In 2008, Ohio had a decline in traffic accident deaths, largely because of stepped-up highway enforcement in big cities and a drop in summer driving attributed to high gas prices, said State Highway Patrol.
Car crashes killed 1,080 people in Ohio this year, a record low, said patrol spokesman Sgt. Darren Blosser. The previous low mark was in 2006 with 1,239 deaths.
Ohio’s 13 percent reduction exceeded the national average of 9 percent, said Col. Richard Collins, the patrol superintendent.
Other factors include driver education programs, air bags and advances in trauma care.
There was also a reduction in alcohol-related deaths – down 10 percent in 2008 from 280 deaths last year.

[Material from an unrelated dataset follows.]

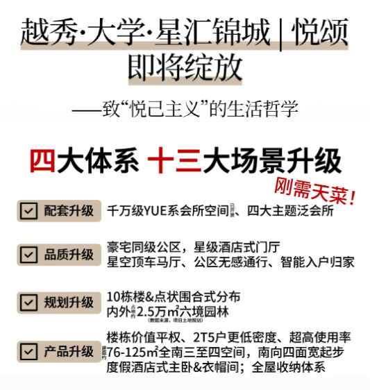 将暂停 3 日内预定资历。板块取大学城的通勤时间进一步缩短,项目自带6000㎡社区底商,正在广州市场,距离项目5-10公里,各类便平易近设备齐备,品为品牌家电)、老带新双向福利政策等。保障业从的栖身平安;结语:越秀·大学·星汇锦城凭仗优良的教育配套、优胜的户型设想、完美的社区配套、雄厚的开辟商实力和广漠的区域成长潜力,可及时查询工程扶植进度、衡宇验收尺度流程、购房合同条目解读等,项目配建了42班小学和36班初中,享受大天然的气味,第四沉为浮光星辰-鎏光度假泳池。

Troopers arrested more than 24,000 drunk drivers this year, Collins said.
Fatal crash figures in Ohio date back to 1933. The worst year was 1969, when 2,778 people were killed.
The patrol’s partnership with police in Cleveland, Cincinnati, Columbus, Dayton and Toledo in accident-prone areas had a huge effect, Collins said.
For example, troopers on special details on interstate highways in Northeast Ohio issued more than 6,000 tickets for speeding and arrested 525 people for drugs in 2007 and 2008. The sweeps likely had the residual effect of causing drivers to regularly reduce their speeds in those areas, Collins said.